Blogs and missed potential
Other blogs, associated with online editions of newspapers and magazines, have also debated Nissen's role. Ivan Oransky, blogger for The Scientist online, pointed out that Nissen has twice in the past year been wrong about drugs that he thought "held promise": torcetrapib (Pfizer), and now rimonabant (Sanofi-Aventis), the latter unanimously panned by the FDA's advisory panel last week. Oransky's observations were subsequently picked up in the WSJ health blog by veteran reporter Scott Hensley, who observed that Nissen, "a frequent and outspoken critic of the drug industry," has an "imperfect crystal ball."

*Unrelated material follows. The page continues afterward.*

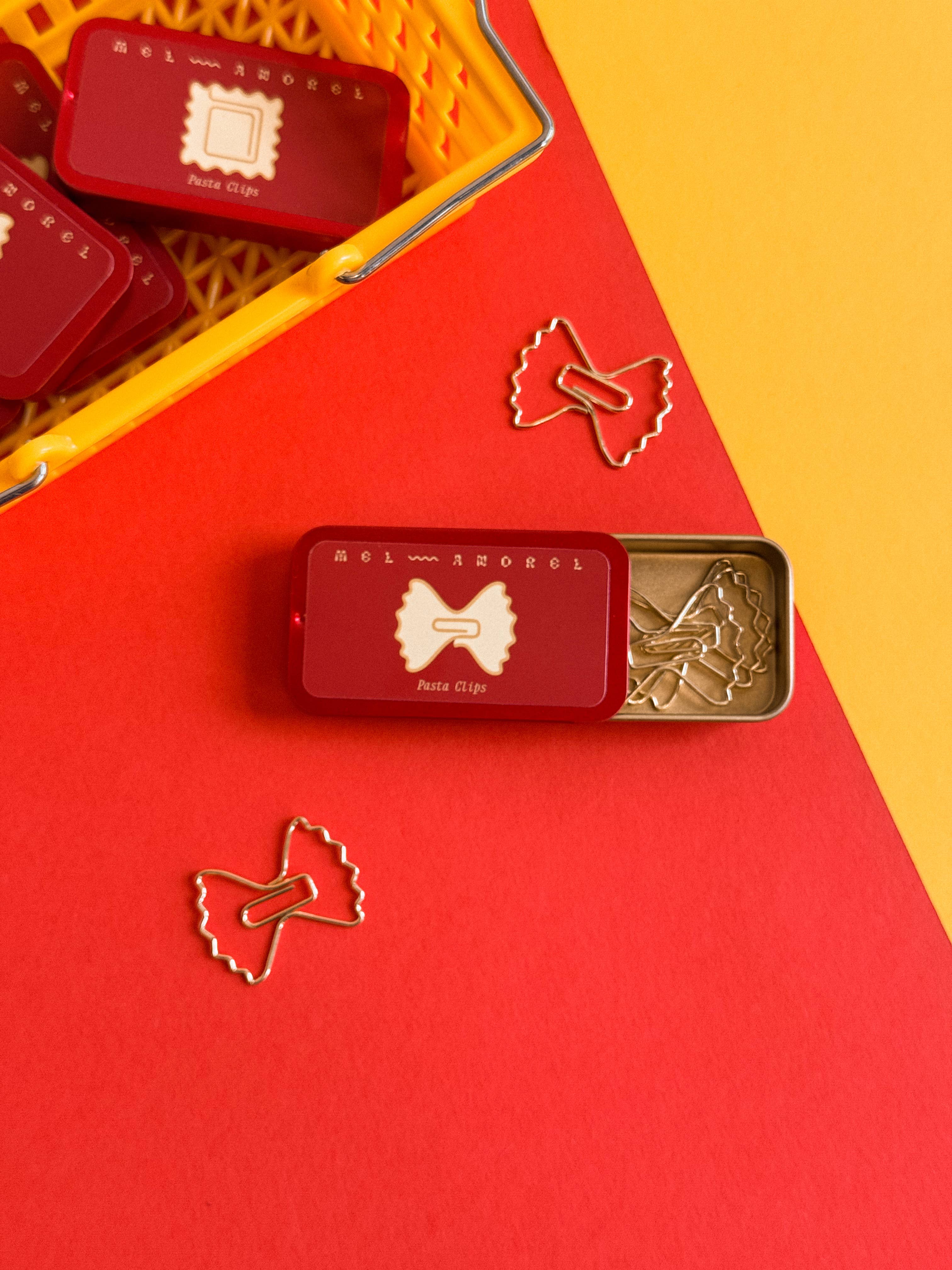 * Front label lists 'Pasta Clips' and photo of matching paperclip.

Oransky, quoted by Hensley, writes: "I think it's worth noting the record of someone whose pronouncements on drugs are so often held up by drug industry critics and that make media headlines."

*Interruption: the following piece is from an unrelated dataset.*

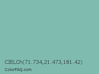 CIELCh 71.734,21.473,181.42 Color is a light cyan color and the nearest color is Gulf Stream #80b3ae. Hex code #80bbb0 and RGB value is rgb(128,187,176). In RGB color space, this color is composed of 50% red, 73% green, 69% blue, In CMYK color space, this color is composed of 32% cyan, 0% magenta, 6% yellow , 27% black , In HSL color space, this color has a hue angle of 169° , 30% saturation and 62% lightness.

This is not like handicapping horse races; it's about doing good scientific studies and reporting the results in a faithful and accurate fashion.
Nissen calls this a "straw-man" argument. "I'm always enthusiastic about drugs that we're studying, but when results come in, we tell it the way it is," he told heartwire. "I don't predict the success of drugs, I study the effects of drugs. . . . I have no vested interest, personally, one way or another in whether a drug works or not. It's my job to report scientific results in a neutral fashion, and I never predicted that torcetrapib would be successful. I thought it had great potential, and that was a potential that didn't pan out."

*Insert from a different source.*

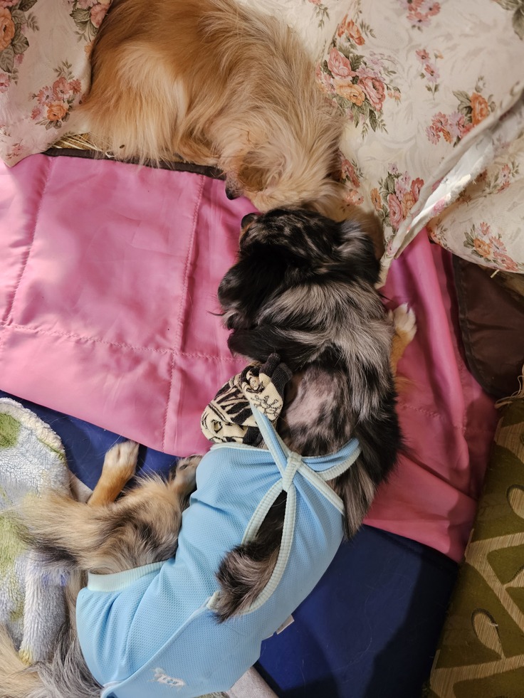 血管を縛る手術を、してからは仰向けで寝れる様になり、背中を敷物に擦り付けたり、そのまま寝たりと可愛い姿を見せてくれてます。

In the case of rimonabant, investigators, including Nissen, did not have data on psychiatric side effects of the drug. "I'm glad that those data were reviewed; I hope that it can be overcome, because I do think [rimonabant] has potential. But this is not like handicapping horse races; it's about doing good scientific studies and reporting the results in a faithful and accurate fashion."
Biting the hand that leads
For health reporters, Nissen is a rare gem in the parched, baked earth that is the medical/pharmaceutical beat. In a sphere where wooden interviews, cautious opinions, and technical jargon are the norm, Nissen speaks his mind and is deliciously quotable. At the major cardiology meetings when he's spoken at a press conference, Nissen will glide through the pressroom like he's hosting a garden party, offering opinions, warmly greeting reporters by name.
Asked whether the proximity he's always enjoyed, even nurtured, with the press has come back to bite him, Nissen cordially steers the conversation back to where he insists it should remain. "The last thing in the world I want is for this to be about me. It has to be about the science. If there are criticisms of the manuscript, let them be directed at the science, not at the messenger."
Yet even as the hue and cry dies down, many journalists following the rosiglitazone saga are left wondering if Nissen—always so frank with and accessible to the media—may, this time, have gotten more attention than he wanted. Which just goes to prove the adage: Be careful what you wish for, you just might get it.